Barium studies of the upper GI tract may reveal esophageal ulceration or small bowel pathologic changes marked by thickened, distorted folds and increased secretions.(132) Abdominal CT frequently (>80%) demonstrates large, bulky, retroperitoneal and mesenteric adenopathy.(133) The lymph nodes usually are clustered and uniform in attenuation value, in contrast to nodes in tuberculosis, which more frequently have low central attenuation and usually are larger.(134) Hepatomegaly may be present and severe,(127) and is more likely in MAC than in M tuberculosis disease.(134) In most cases, specimens obtained by CT-guided biopsy definitively show large, foamy macrophages filled with acid-fast bacteria. The intracellular, rodlike organisms also may stain positive with periodic acid-Schiff (PAS) stain. This latter feature, the clinical presentation, and radiographic and CT findings are similar to findings in Whipple disease, leading to the designation of abdominal MAC infection as "pseudo-Whipple disease," and suggesting that the gut may be one portal of entry in disseminated MAC.(135)

Esophagitis secondary to spread of M tuberculosis from mediastinal nodes may lead to barium radiographic and CT findings of extrinsic masses, ulceration, sinus tracts, and fistulous tracts. Tuberculous colitis occurs chiefly near the ileocecal region, and contrast-enhanced CT scans may reveal thickened bowel wall. Necrotic lymph nodes with low attenuation centers may be seen in association with tuberculosis.(127,134) A recent review states that lymph nodes with central low attenuation are more common, and that lymph nodes are larger (mean 4.0 cm vs 2.0 cm, respectively) with tuberculous involvement than with MAC.(134)

This response to infection with Bartonella henselae and Bartonella quintana results in cutaneous and systemic hemangioproliferation, particularly in patients with very reduced CD4 counts. In lymph nodes, this results in hyperattenuation. In the liver, the disease is called peliosis hepatis and may appear as multiple blood-filled cysts. The spleen also may be involved with these low-attenuation lesions. If the cysts are larger than 2 cm, the differential includes bacillary angiomatosis and lymphoma. The combination of hyperattenuating lymph nodes, larger low-attenuation lesions in the liver and spleen, and severe decrease in CD4 counts suggests bacillary angiomatosis.(119)

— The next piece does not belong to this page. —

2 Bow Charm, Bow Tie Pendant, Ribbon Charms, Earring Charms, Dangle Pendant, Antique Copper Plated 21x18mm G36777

Where effective ART is available, the incidence of KS and the outlook for affected patients has improved.(136) Early lymph node and visceral involvement are frequent in HIV-associated KS, especially in patients with advanced immunosuppression. Late in the course of HIV disease, lesions may involve virtually any organ system. Endoscopy reveals that nearly 50% of patients with mucocutaneous KS also have GI KS, although barium radiography reveals only a minority of these lesions.(137) KS can affect any part of the GI tract from the pharynx to the anus. Most persons with GI lesions are asymptomatic, although more advanced KS may involve GI bleeding, obstruction, perforation, and diarrhea. A case of intussusception from an ileal KS lesion has been reported.(138) The typical radiographic manifestations of GI KS are submucosal plaques, some with central ulceration ("target" or "bull's-eye" lesions). Larger polypoid masses are relatively common; circumferential and diffusely spreading lesions are rare.

Initial reports of CT findings in HIV-related KS emphasized the similarities with lymphadenopathy syndrome.(139) Splenomegaly and mild retroperitoneal and mesenteric nodal enlargement are common to both, and do not necessarily indicate widespread involvement with KS, particularly when the nodes are <1.5 cm in greatest diameter.

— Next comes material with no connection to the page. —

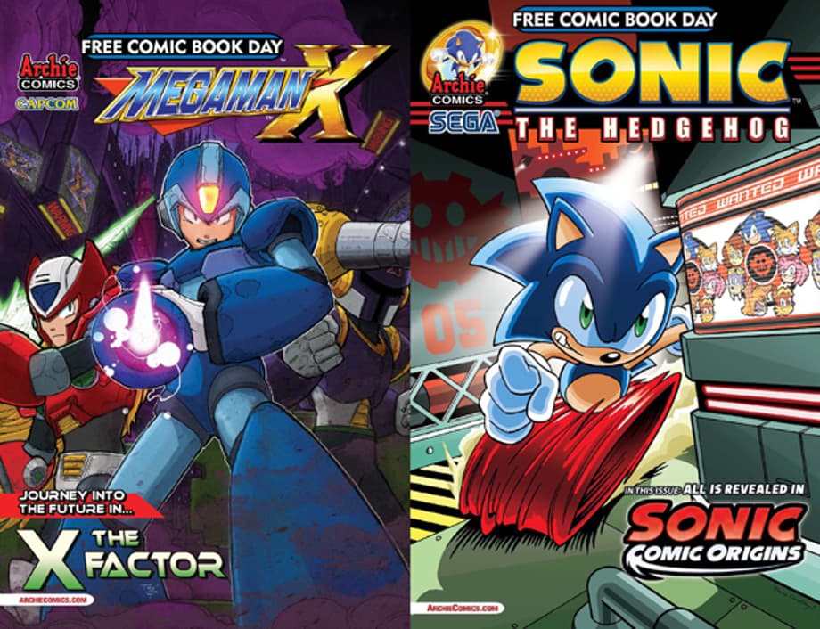 Its TWO free comic books in ONE! Hot off the heels of the ultra-successful Sonic/Mega Man crossover event, "Worlds Collide", comes a showcase issue of the hottest new storylines in both characters' universes – exclusively for Free Comic Book Day! Sonic stars in "Blast to the Past" featuring the origin of his Freedom Fighters! Then, on the flipside of this issue, get ready for the "Mega Man X" crossover event with this primer story!

Bulky nodal enlargement, however, may be the only CT evidence of abdominal KS. KS-affected nodes may show significant contrast enhancement.(140) Bulky adenopathy in HIV-related KS cannot be distinguished radiographically from lymphoma or infections such as MAC, and further investigation by fine-needle aspiration biopsy may be necessary.(141)

Although the characteristic "target" lesions of KS seen on air contrast studies of the GI tract rarely are evident on CT studies, mural thickening may identify larger focal masses. The CT demonstration of focal small hepatic or splenic lesions of KS is uncommon. These lesions may show enhancement on delayed scans.(142)

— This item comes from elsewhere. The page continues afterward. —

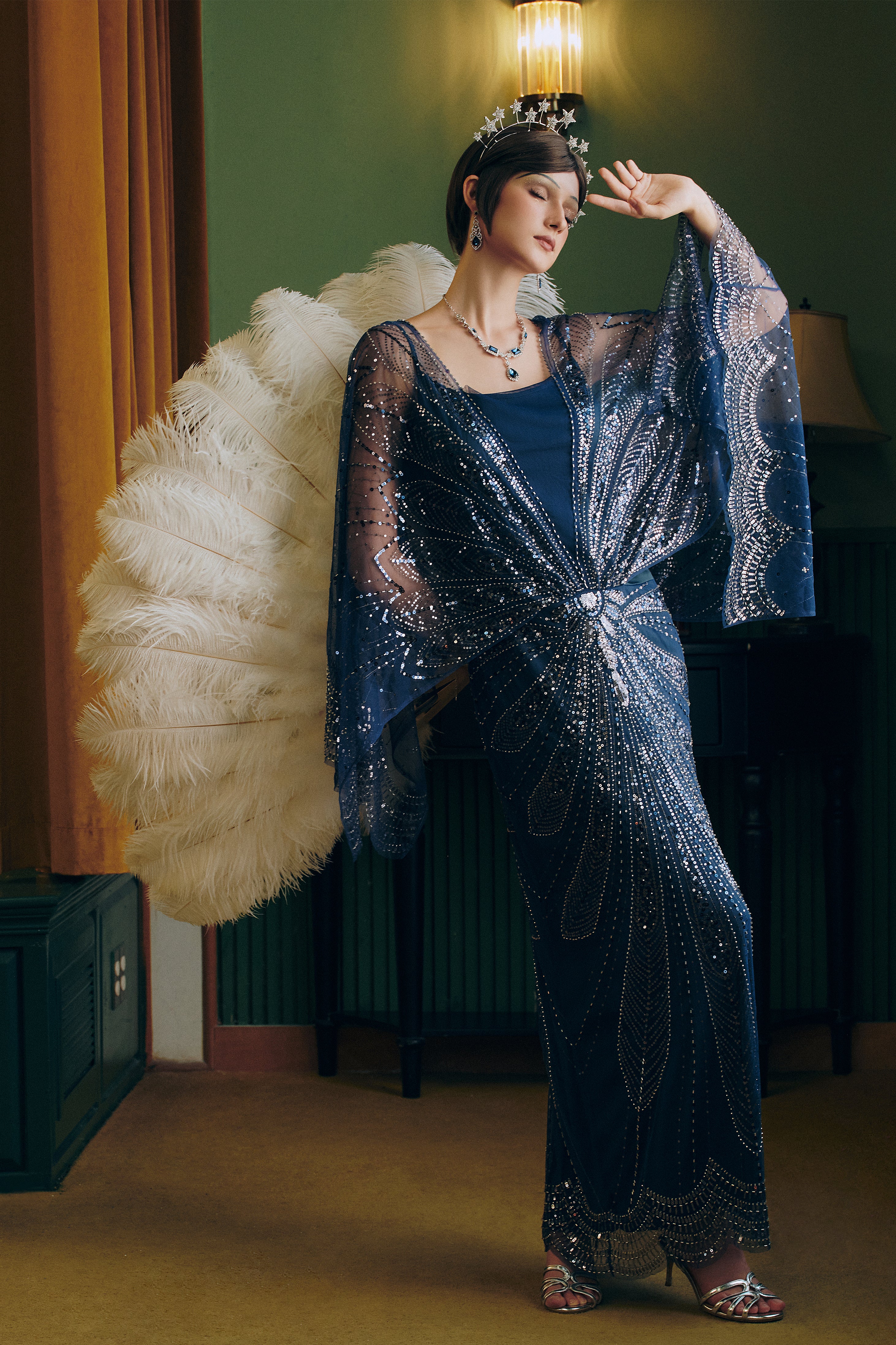 From our Ethereal Feather Collection, this evening gown takes its cues from the elegance of feather motifs. The sheer beaded cape sleeves drift with a soft, wing-like grace, creating movement that feels almost cinematic. Shimmering sequins sweep across the bodice in feathered patterns, drawing the eye toward the waist and elongating the silhouette against the depth of sapphire blue. Finished with scalloped hems that glimmer in motion.

As with KS in retroperitoneal nodes, KS in the liver or spleen has a nonspecific CT appearance, and biopsy may be necessary to distinguish it from other neoplastic or infectious causes. Usually, liver and spleen involvement consists of microscopic foci along vessels and is not visible radiographically. However, nonspecific hepatosplenomegaly may be seen in up to 41% of patients with KS.(119) Because KS can involve virtually any organ, it may produce unusual intraabdominal lesions that are readily detectable on CT and may be amenable to CT-guided biopsy. In our experience, fine-needle aspiration biopsy is reliable in diagnosing HIV-related KS. Stains of biopsy specimens show cohesive clusters of bland spindle cells arranged in characteristic slitlike spaces.

In addition to KS, a variety of aggressive B-cell lymphomas are associated with HIV disease. To date, NHL has been the most common lymphoma in patients with advanced HIV disease. Hodgkin disease also can occur, however.

In some patients, the manifestations of lymphoma appear before those of advanced HIV disease. In a report of NHL in 90 homosexual men,(90) unique manifestations included a high prevalence of extranodal involvement in HIV-related lymphoma, which affected the brain and bone marrow, as well as abdominal, visceral, and mucocutaneous sites (Figure 4). Of the 90 patients, 88 had extranodal sites of involvement. In addition, patients with HIV-related lymphoma typically had highly malignant histologic subtypes and advanced stages of NHL.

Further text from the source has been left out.